We simulate the experimental bias described above by sampling an equal number of marked and unmarked cells.
```{r}
marked_cells <- which(sce_sim_cell_type_case$marked)
unmarked_cells <- which(!(sce_sim_cell_type_case$marked))
sce_sim_cell_type_case_sampled <-
sce_sim_cell_type_case[,c(sample(marked_cells,length(marked_cells)),
sample(unmarked_cells,length(marked_cells)))]
```
We plot the resulting distribution of cells across cell types. The unaffected cell types now appear to be enriched for marked cells.

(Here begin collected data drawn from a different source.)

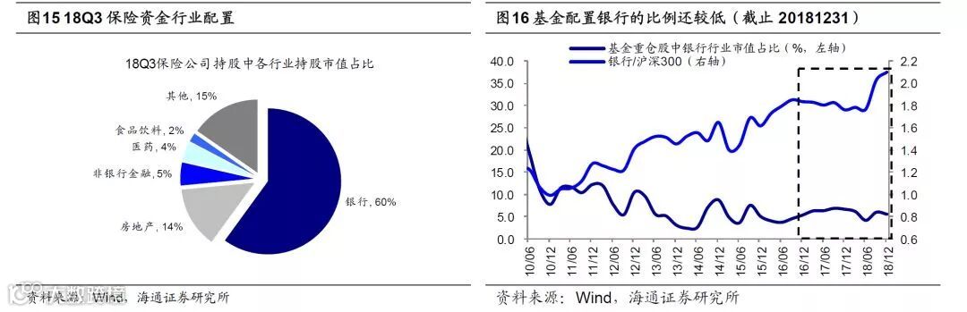 第二种情景是波幅区间上轨更高,即牛市第一阶段的上涨还没结束,市场再涨一段后才会有回撤。这种情景下,银行也有优势。市场如果上涨,未来加仓潜力最大的机构投资者是保险,保险重仓股中银行占比60%。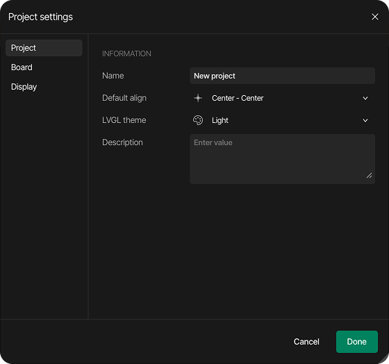 - LVGL theme - Provides the option to switch between the built-in LVGL themes.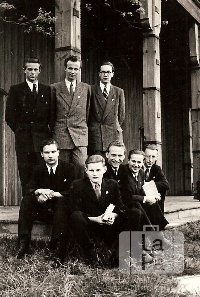Pinnebergas ģimnāzijas (angļu zonā) 5. klases audzēkņi – jauni vīrieši – pie koka ēkas koka kolonnām. Visi ir ģērbušies uzvalkos. Aizmugurē, otrais no kreisās: Uldis Inveiss.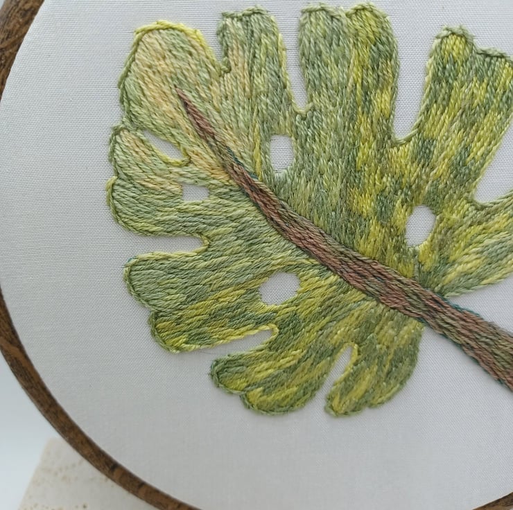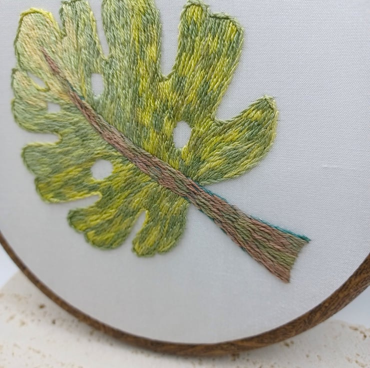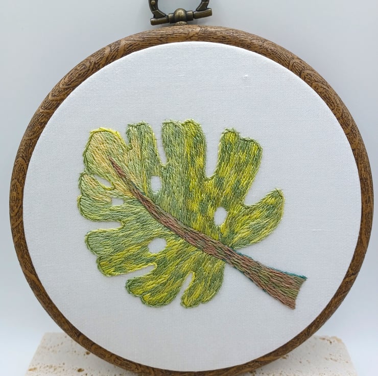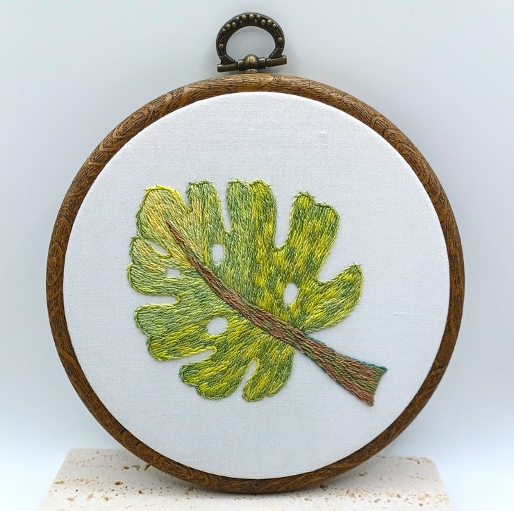 Monstera Leaf Embroidery Hoop, Hand Embroidery, Foliage Embroidery, Nature Lover Gift, Monstera Wall Art, Variegated Embroidery Gift for Her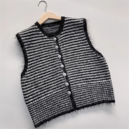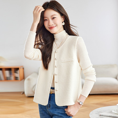 2025秋冬新款仿毛呢针织马甲重工花朵开衫马甲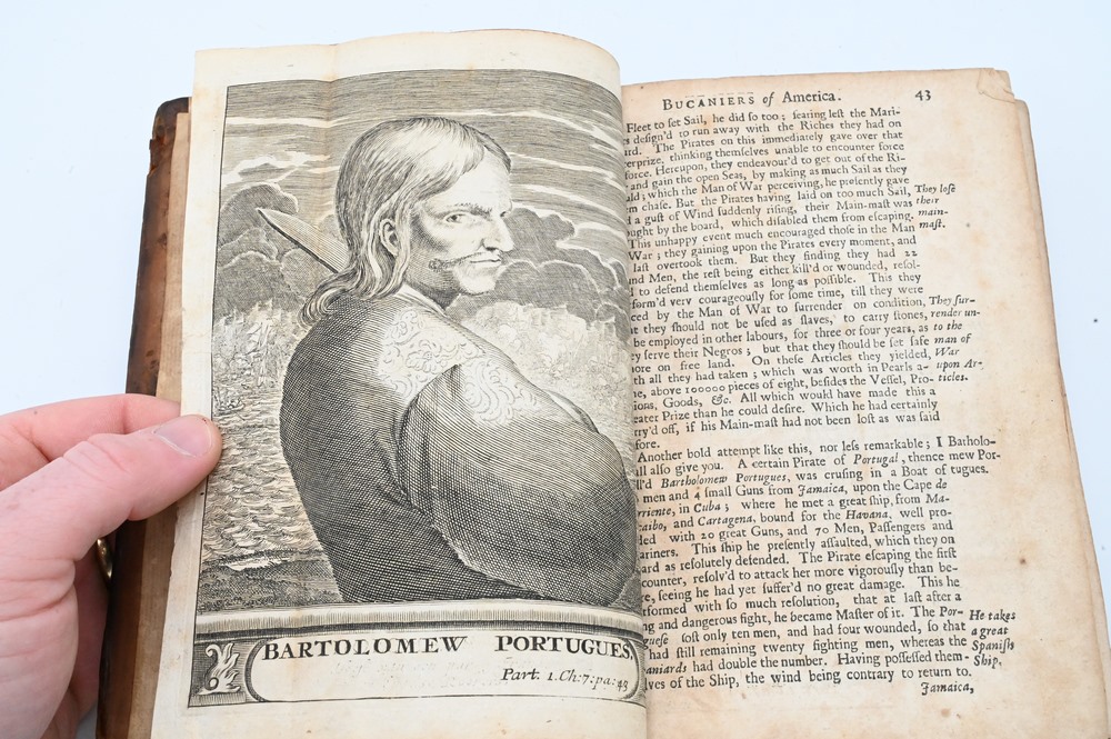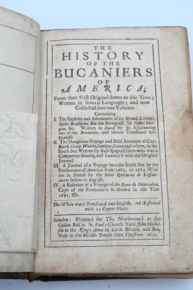 History of the Buccaneers of America From Their First Original Down To This Time, written in several languages and now collected into one volume, illustrated with 25 copper plates with maps, London 1699; along with bill of sale from Maggs Bros., LTD., London, June 1953.

However, this is only because of the experimental bias.
```{r,fig.width=7}
table_cell_types <-
as.data.frame(colData(sce_sim_cell_type_case_sampled)[,c("cell_type","marked")]) %>%
dplyr::group_by_all() %>% dplyr::count()
ggplot(table_cell_types,aes(x=cell_type,y=n,fill=marked)) +
geom_bar(stat="identity",position="dodge")+theme_classic()+
xlab("cell type") + ylab("number of cells") +
ggtitle("Case experiment: Distribution of cells across cell types after experiment")+
scale_fill_manual(values=c("FALSE"="darkblue","TRUE"="red"))
```
Below we show that, by running COSICC_DA_group, we are able to identify the different levels of depletion for the three cell type correctly, as COSICC_DA_group is able to correct for the spurious enrichment for marked cells resulting from the experimental bias explained above.
```{r,fig.width=7}
COSICC_DA_result <-
COSICC_DA_group(sce_case=sce_sim_cell_type_case_sampled,
sce_control=sce_sim_cell_type_control)
```
## Note about method and applicability
COSICC_DA_group assumes that the true median depletion or enrichment of marked cells across all cell types is 0. In our example, at most 4 groups could be depleted for the method to identify the true enrichment and depletion.
# COSICC_kinetics
COSICC_kinetics identifies whether, as a result of a perturbation, there is significant delay or acceleration along a lineage trajectory.
# Simulating data
Like for COSICC_DA_group above, we first simulate control data using the Splatter package.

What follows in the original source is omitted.